BBL Speaker Series: Social Media’s Midlife Crisis? How Public Discourse Imagines Platform Futures
Talk Title: Social Media’s Midlife Crisis? How Public Discourse Imagines Platform Futures
Speaker: Chelsea Butkowski (left), American University &
Frances Corry (right), University of Pittsburgh
Location: HBK 2105 and Zoom
Abstract: Though the social media ecosystem has never been
stable—with platforms constantly emerging, evolving, aging, and closing—the last few years have appeared particularly volatile. Major companies like Meta and X have undergone historic transformations, and a slew of new platforms have also emerged, including TikTok, BeReal, Threads, Bluesky, Mastodon, and others. It appears as if social media companies, the platforms they run, and the users they support, have arrived at an existential juncture.

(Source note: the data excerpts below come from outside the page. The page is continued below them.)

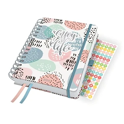 Trendy cover design with a high-quality printed motif and glossy foil finish Durable due to the sturdy cover and high-quality metal ring binding White paper (FSC-certified), ideal for drawing, printed in classy Grey Weekly calendar with monthly and annual overview, additional information section including school and public holidays (DE/AT/CH/UK/FR/BE/NL), numerous bullet journal pages with a planning section for each month Durable cover, high-quality metal ring binding, practical insert pocket, 2 bookmarks, elastic fastener, pen loop
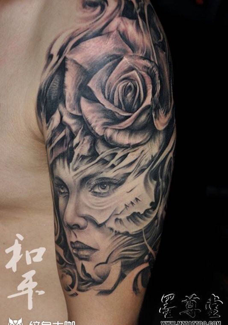 • 纹身吧推荐的披肩图腾半胛纹身图案作品展示
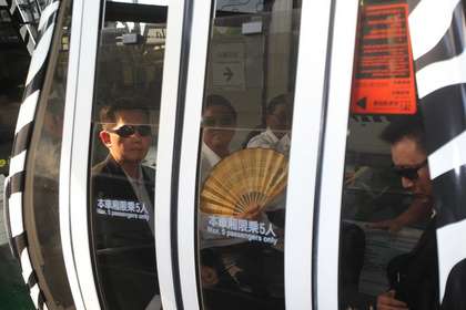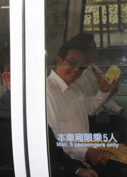 陳云林搭貓纜,自備扇子解悶熱。來源:臺灣媒體
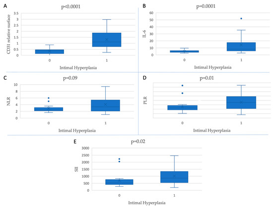 The systemic inflammatory biomarkers (NLR, PLR, SII, and IL-6) showed an association with intimal hyperplasia. During morphometrical analysis, we demonstrated that CD31-positive relative surfaces have a higher baseline value in group 2 patients, and are also associated with intimal hyperplasia. The correlation test between a higher baseline value of the systemic inflammatory markers and a higher CD31-positive relative surface in the intimal hyperplasia area showed a positive result.

What is social media for in today’s society––and what does its future look like? Decades on, is “new media” still “new” after all? In this talk, Drs. Chelsea Butkowski and Frances Corry draw on their recent research analyzing press coverage of emerging platforms to argue that contemporary social media discourse has become fueled by cultural memory, a phenomenon that they call “nostalgic anticipation.” In other words, speculation about social media’s volatile future is persistently filtered through a yearning for its past. Butkowski and Corry will discuss how this unique juncture for social media can contribute to reframing understandings of platforms in our scholarship and our everyday lives.
Bio:
Chelsea Butkowski
Chelsea Butkowski is an Assistant Professor of Communication at American University. Their research examines the relationship between media technologies and identity, including the social practices and effects of everyday social media use. Butkowski’s recent work focuses on digital identity during periods of sociotechnical transition and disruption.
Frances Corry
Frances Corry is an Assistant Professor in the Department of Information Culture & Data Stewardship at the University of Pittsburgh. Her research and teaching focus on the prehistories and afterlives of data-intensive systems – from social media platforms to AI tools. Corry’s book project examines the process of social media platform closure and content deletion to ask about the future of cultural memory.